**The problem**
All the data below goes into the copy word for word, but the pictures don't.

++++++

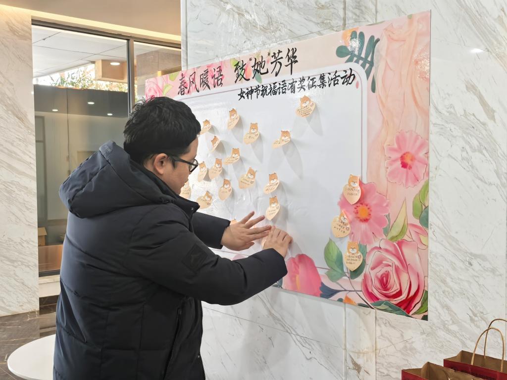 与此同时,为向全体女教职工致以诚挚敬意与美好祝福,营造尊重、关爱、温暖的工作氛围,学院在大厅面向男教职工开展春风暖语 致‘她’芳华”——女神节祝福语征集活动,男老师们围绕致敬、祝福、赞美,为女教职工写下真挚暖心的节日寄语。
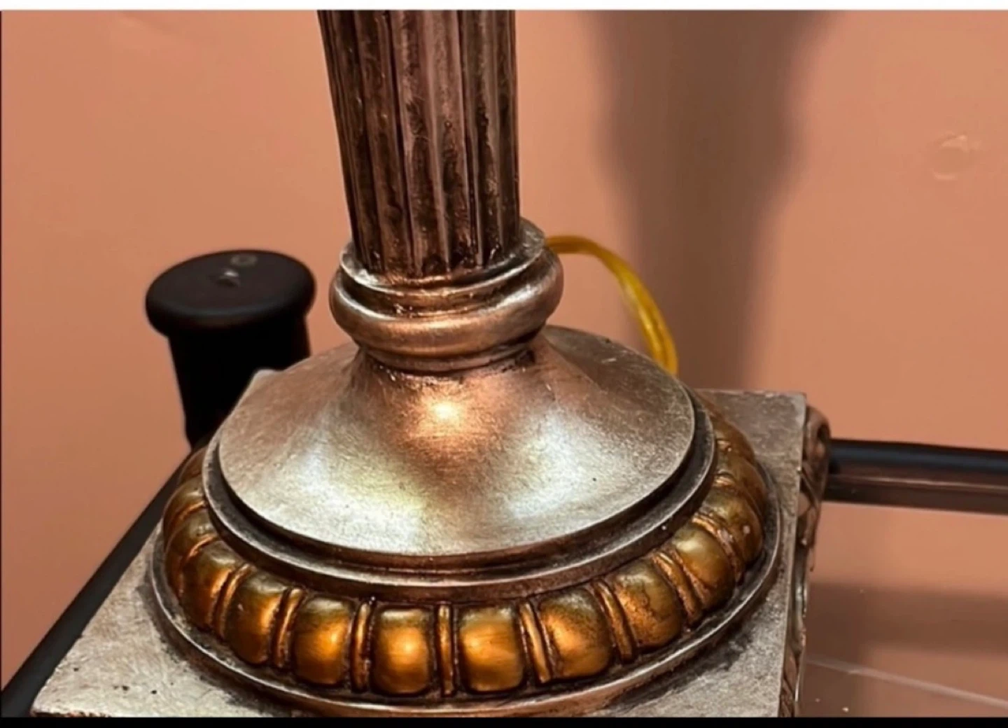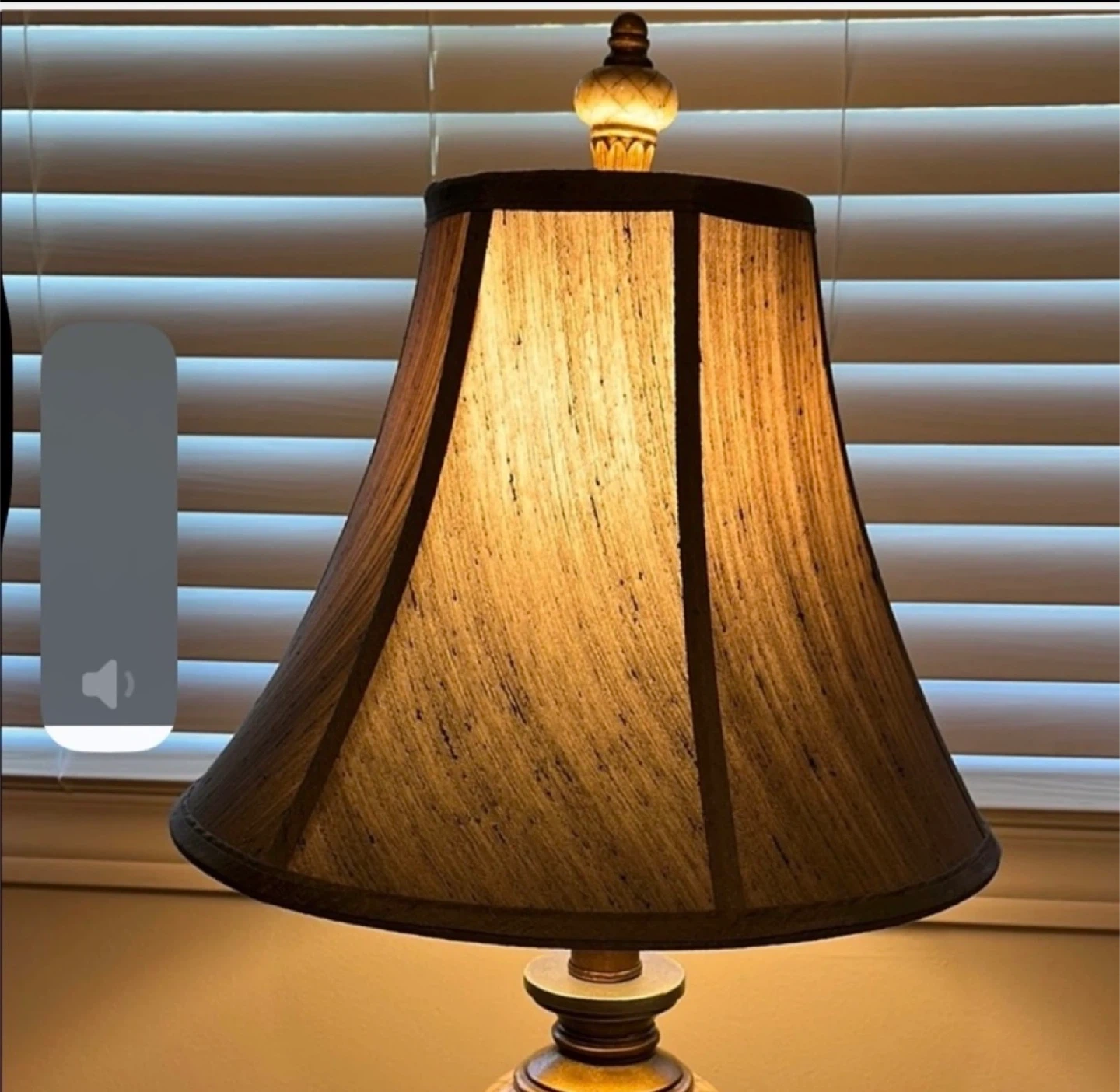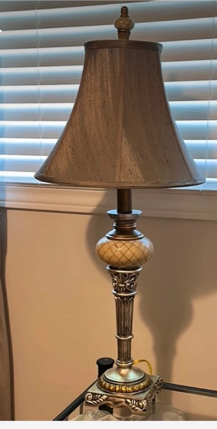 This ornate table lamp features a textured bell shade and a decorative base with carved details. It's designed to add a touch of elegance to any room. Base material appears to be metal and decorative stone.
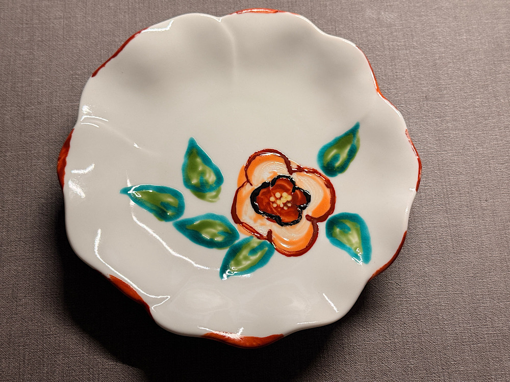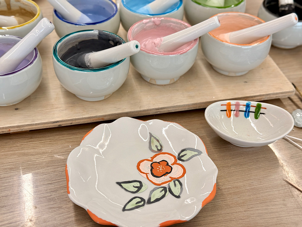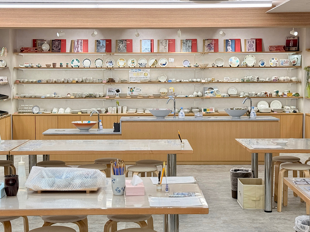 这里会提供已经烧制好的素坯,架上摆着各式各样的器皿可以自行挑选,有朴素实用的餐盘,也有造型特别的小碗与摆饰。选好器皿后,老师会先讲解九谷烧的颜色与画法。就算没有绘画经验,也可以慢慢完成属于自己的作品。
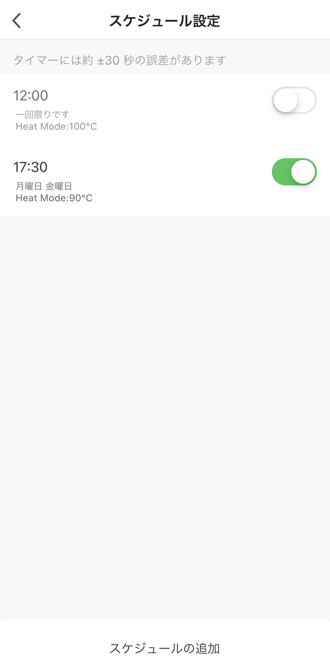 そんな時に便利なのがタイマーモードです。あらかじめお湯を使いたい時間をセットしておけば、スマホ操作すら不要で湯沸かしを行ってくれます。
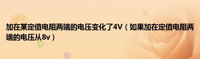 关于加在某定值电阻两端的电压变化了4V,如果加在定值电阻两端的电压从8v这个很多人还不知道,今天菲菲来为大家解答以上的问题,现在让我们一起来看看吧!
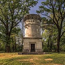 Blücher remained in the French capital for a few months, but his age and infirmities compelled him to retire to his Silesian residence at Krieblowitz.[3] At the invitation of the British government, he made another state visit to England, to be formally thanked for his army and his role in the Waterloo Campaign. When his carriage stopped on Blackheath Hill, overlooking London, he is said to have exclaimed, "What a city to sack!"[20] He died at Krieblowitz on 12 September 1819, aged 76.[3] After his death, an imposing mausoleum was built for his remains.
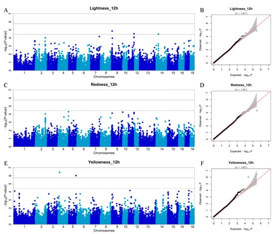 Manhattan plots of the GWAS and Q–Q plots for meat color traits (12 h). (A) GWAS for L*_12h (lightness_12h); (B) Q–Q plot for L*_12h (lightness_12h); (C) GWAS for a*_12h (redness_12h); (D) Q–Q plot for a*_12h (redness_12h; (E) GWAS for b*_12h (yellowness_12h); (F) Q–Q plot for b*_12h (yellowness_12h). The x-axis represents the chromosomes, and the y-axis represents the -log10 (p-value).
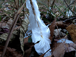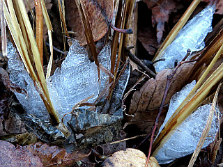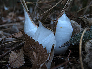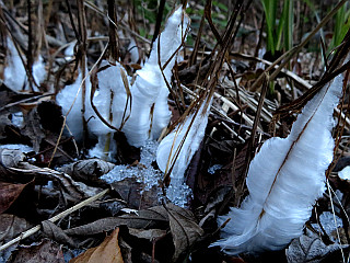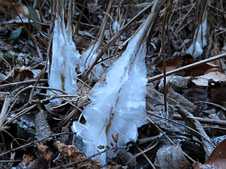 | 平成29年2月12日 まだまだシモバシラの霜柱が見られる大原調整池 またまた、吉祥山の帰りに大原調整池へ寄りました。一時期と比べると大きなものは見られなくなったものの、各所で、出来立てで美しいシモバシラの霜柱を見ることができました。 |
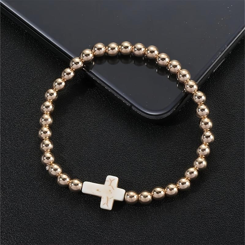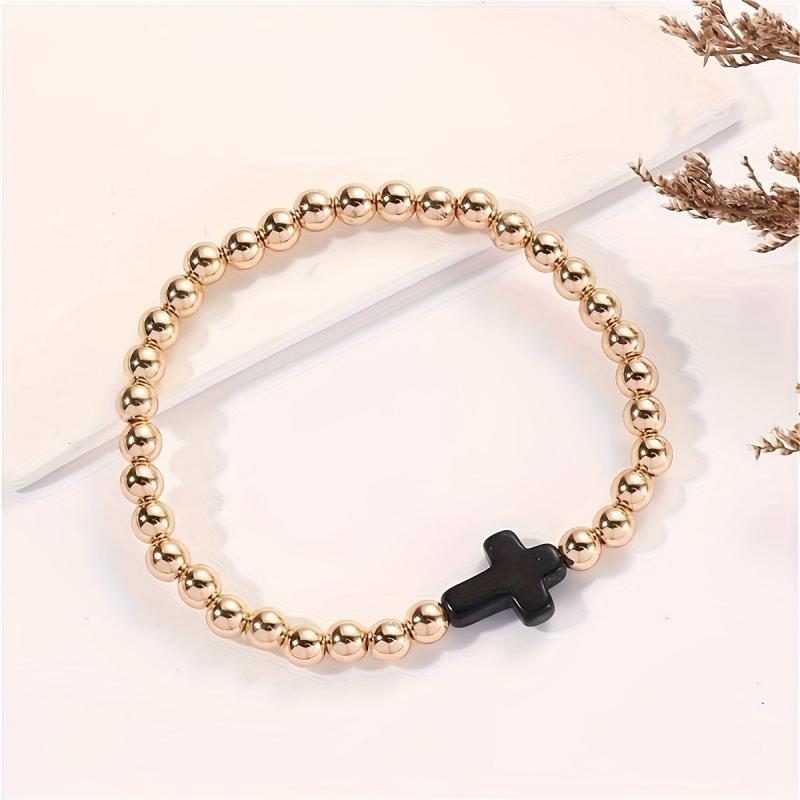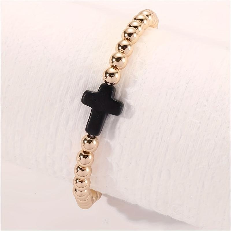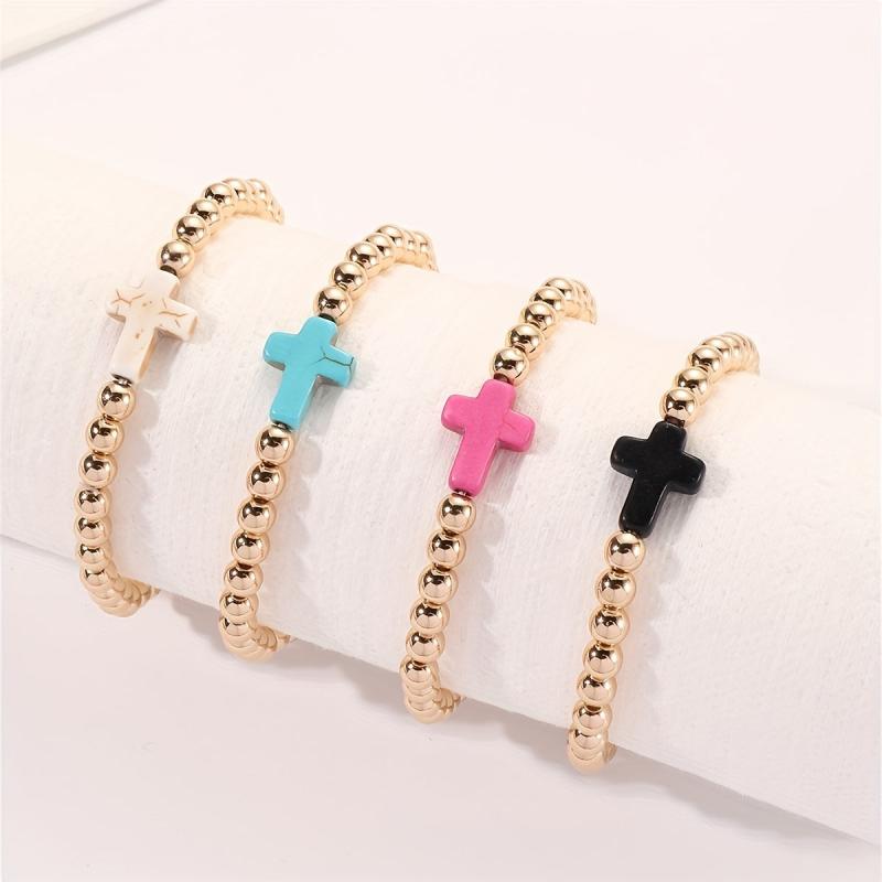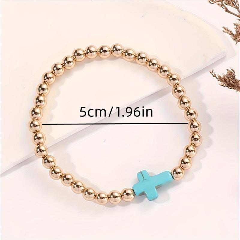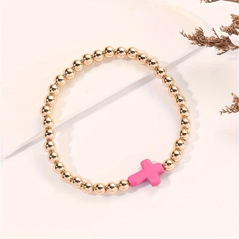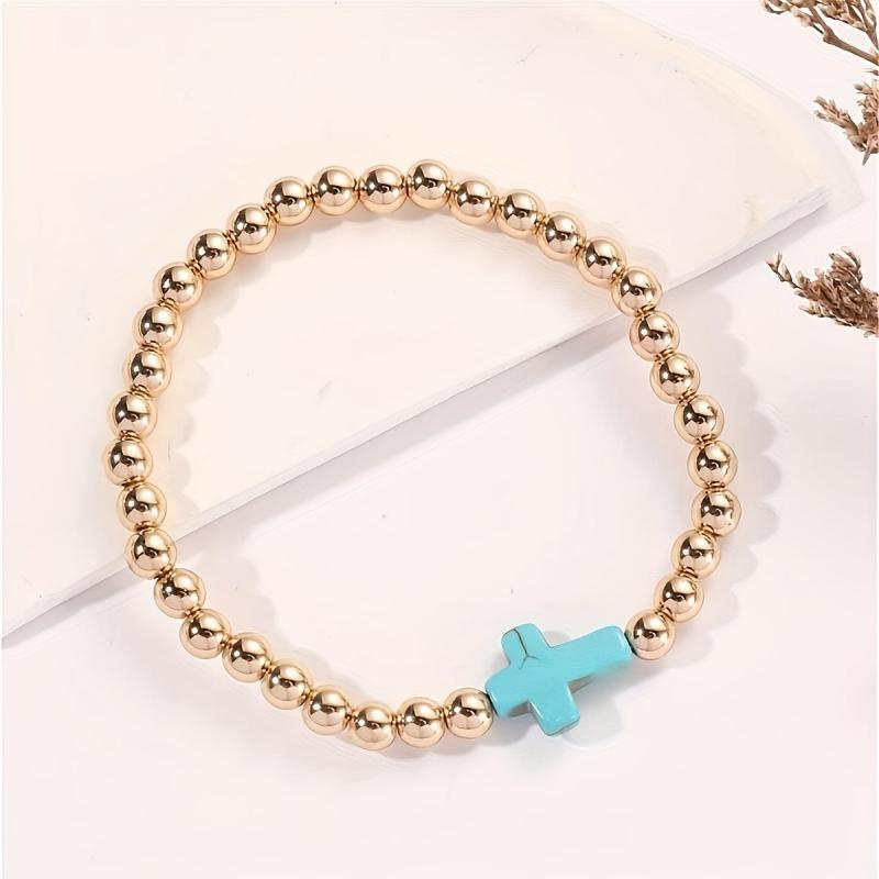 Add a touch of elegance to your outfit with this stylish cross bead bracelet. The mix of turquoise and pink beads, along with cross charms and golden tone accents, make it a versatile accessory for both everyday wear and special occasions.

++++++

**Exercise answer**
 与此同时,为向全体女教职工致以诚挚敬意与美好祝福,营造尊重、关爱、温暖的工作氛围,学院在大厅面向男教职工开展春风暖语 致‘她’芳华”——女神节祝福语征集活动,男老师们围绕致敬、祝福、赞美,为女教职工写下真挚暖心的节日寄语。
 This ornate table lamp features a textured bell shade and a decorative base with carved details. It's designed to add a touch of elegance to any room. Base material appears to be metal and decorative stone.
 这里会提供已经烧制好的素坯,架上摆着各式各样的器皿可以自行挑选,有朴素实用的餐盘,也有造型特别的小碗与摆饰。选好器皿后,老师会先讲解九谷烧的颜色与画法。就算没有绘画经验,也可以慢慢完成属于自己的作品。
 そんな時に便利なのがタイマーモードです。あらかじめお湯を使いたい時間をセットしておけば、スマホ操作すら不要で湯沸かしを行ってくれます。
 关于加在某定值电阻两端的电压变化了4V,如果加在定值电阻两端的电压从8v这个很多人还不知道,今天菲菲来为大家解答以上的问题,现在让我们一起来看看吧!
 Blücher remained in the French capital for a few months, but his age and infirmities compelled him to retire to his Silesian residence at Krieblowitz.[3] At the invitation of the British government, he made another state visit to England, to be formally thanked for his army and his role in the Waterloo Campaign. When his carriage stopped on Blackheath Hill, overlooking London, he is said to have exclaimed, "What a city to sack!"[20] He died at Krieblowitz on 12 September 1819, aged 76.[3] After his death, an imposing mausoleum was built for his remains.
 Manhattan plots of the GWAS and Q–Q plots for meat color traits (12 h). (A) GWAS for L*_12h (lightness_12h); (B) Q–Q plot for L*_12h (lightness_12h); (C) GWAS for a*_12h (redness_12h); (D) Q–Q plot for a*_12h (redness_12h; (E) GWAS for b*_12h (yellowness_12h); (F) Q–Q plot for b*_12h (yellowness_12h). The x-axis represents the chromosomes, and the y-axis represents the -log10 (p-value).
 | 平成29年2月12日 まだまだシモバシラの霜柱が見られる大原調整池 またまた、吉祥山の帰りに大原調整池へ寄りました。一時期と比べると大きなものは見られなくなったものの、各所で、出来立てで美しいシモバシラの霜柱を見ることができました。 |
 Add a touch of elegance to your outfit with this stylish cross bead bracelet. The mix of turquoise and pink beads, along with cross charms and golden tone accents, make it a versatile accessory for both everyday wear and special occasions.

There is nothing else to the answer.